THE DATA:
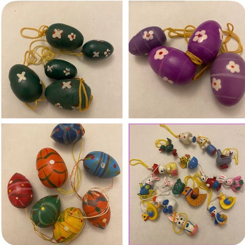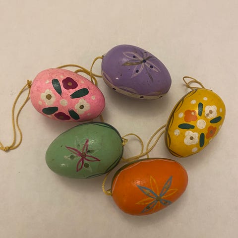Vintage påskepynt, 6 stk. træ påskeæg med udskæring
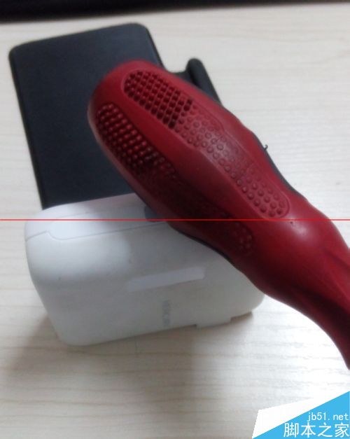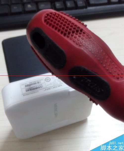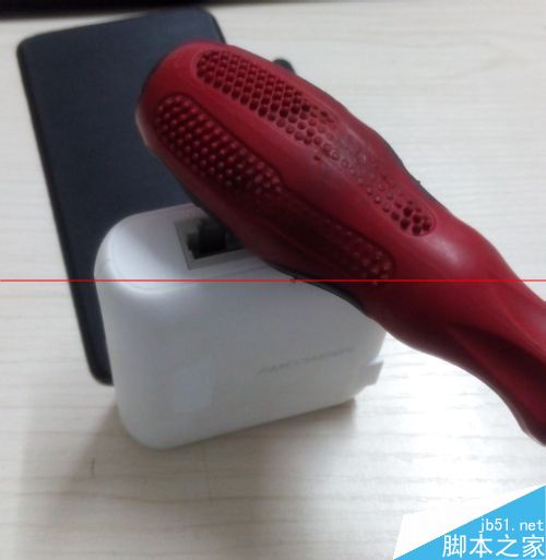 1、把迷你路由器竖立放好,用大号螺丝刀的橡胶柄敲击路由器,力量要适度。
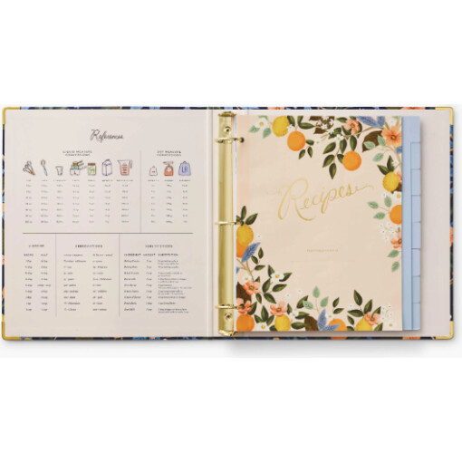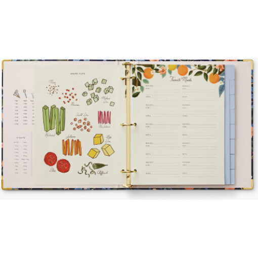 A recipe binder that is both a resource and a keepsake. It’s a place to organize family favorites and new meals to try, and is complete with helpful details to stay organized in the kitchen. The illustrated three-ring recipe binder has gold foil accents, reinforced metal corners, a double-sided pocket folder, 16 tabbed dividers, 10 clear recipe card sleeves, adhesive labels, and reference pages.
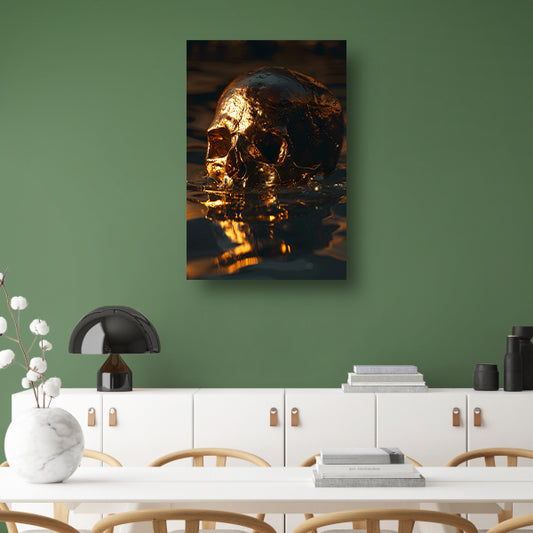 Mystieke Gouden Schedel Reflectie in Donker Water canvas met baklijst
==
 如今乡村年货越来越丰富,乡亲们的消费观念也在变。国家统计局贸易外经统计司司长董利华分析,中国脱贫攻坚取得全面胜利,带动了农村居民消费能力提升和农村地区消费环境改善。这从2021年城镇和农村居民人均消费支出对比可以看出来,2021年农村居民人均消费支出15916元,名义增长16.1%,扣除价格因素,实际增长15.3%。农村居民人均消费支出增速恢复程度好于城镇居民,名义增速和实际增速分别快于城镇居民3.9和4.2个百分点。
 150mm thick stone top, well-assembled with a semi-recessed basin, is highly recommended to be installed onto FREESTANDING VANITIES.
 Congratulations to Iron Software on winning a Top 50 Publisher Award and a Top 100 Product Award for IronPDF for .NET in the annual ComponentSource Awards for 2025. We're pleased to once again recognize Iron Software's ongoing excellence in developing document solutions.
...
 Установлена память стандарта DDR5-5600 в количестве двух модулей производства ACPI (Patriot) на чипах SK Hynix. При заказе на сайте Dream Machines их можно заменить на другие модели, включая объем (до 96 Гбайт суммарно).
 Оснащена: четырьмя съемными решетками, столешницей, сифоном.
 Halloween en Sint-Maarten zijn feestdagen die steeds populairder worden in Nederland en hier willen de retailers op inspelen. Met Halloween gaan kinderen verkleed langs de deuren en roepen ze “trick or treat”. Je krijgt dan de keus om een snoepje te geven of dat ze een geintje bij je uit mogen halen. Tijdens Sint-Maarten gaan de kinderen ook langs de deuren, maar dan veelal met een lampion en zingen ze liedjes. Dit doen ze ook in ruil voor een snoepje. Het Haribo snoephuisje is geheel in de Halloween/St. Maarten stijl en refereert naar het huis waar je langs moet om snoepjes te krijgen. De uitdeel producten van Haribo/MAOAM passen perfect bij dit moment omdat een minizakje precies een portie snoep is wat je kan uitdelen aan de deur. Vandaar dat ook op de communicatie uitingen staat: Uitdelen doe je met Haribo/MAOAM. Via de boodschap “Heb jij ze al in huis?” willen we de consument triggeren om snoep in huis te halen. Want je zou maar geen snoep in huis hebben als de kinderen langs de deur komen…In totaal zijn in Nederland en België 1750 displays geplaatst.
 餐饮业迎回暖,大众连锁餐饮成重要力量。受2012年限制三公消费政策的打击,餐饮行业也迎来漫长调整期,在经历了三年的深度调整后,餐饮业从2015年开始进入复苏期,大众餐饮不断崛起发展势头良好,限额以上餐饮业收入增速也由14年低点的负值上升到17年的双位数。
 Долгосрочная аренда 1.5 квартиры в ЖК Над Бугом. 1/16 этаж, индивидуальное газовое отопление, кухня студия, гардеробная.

TASK PROMPT:
From the entries above, write out only the lines starting at the line that holds "Halloween en Sint-Maarten" and ending at the line that holds "Долгосрочная аренда 1.5", keeping both and matching them exactly.

FINISHED TASK:
 Halloween en Sint-Maarten zijn feestdagen die steeds populairder worden in Nederland en hier willen de retailers op inspelen. Met Halloween gaan kinderen verkleed langs de deuren en roepen ze “trick or treat”. Je krijgt dan de keus om een snoepje te geven of dat ze een geintje bij je uit mogen halen. Tijdens Sint-Maarten gaan de kinderen ook langs de deuren, maar dan veelal met een lampion en zingen ze liedjes. Dit doen ze ook in ruil voor een snoepje. Het Haribo snoephuisje is geheel in de Halloween/St. Maarten stijl en refereert naar het huis waar je langs moet om snoepjes te krijgen. De uitdeel producten van Haribo/MAOAM passen perfect bij dit moment omdat een minizakje precies een portie snoep is wat je kan uitdelen aan de deur. Vandaar dat ook op de communicatie uitingen staat: Uitdelen doe je met Haribo/MAOAM. Via de boodschap “Heb jij ze al in huis?” willen we de consument triggeren om snoep in huis te halen. Want je zou maar geen snoep in huis hebben als de kinderen langs de deur komen…In totaal zijn in Nederland en België 1750 displays geplaatst.
 餐饮业迎回暖,大众连锁餐饮成重要力量。受2012年限制三公消费政策的打击,餐饮行业也迎来漫长调整期,在经历了三年的深度调整后,餐饮业从2015年开始进入复苏期,大众餐饮不断崛起发展势头良好,限额以上餐饮业收入增速也由14年低点的负值上升到17年的双位数。
 Долгосрочная аренда 1.5 квартиры в ЖК Над Бугом. 1/16 этаж, индивидуальное газовое отопление, кухня студия, гардеробная.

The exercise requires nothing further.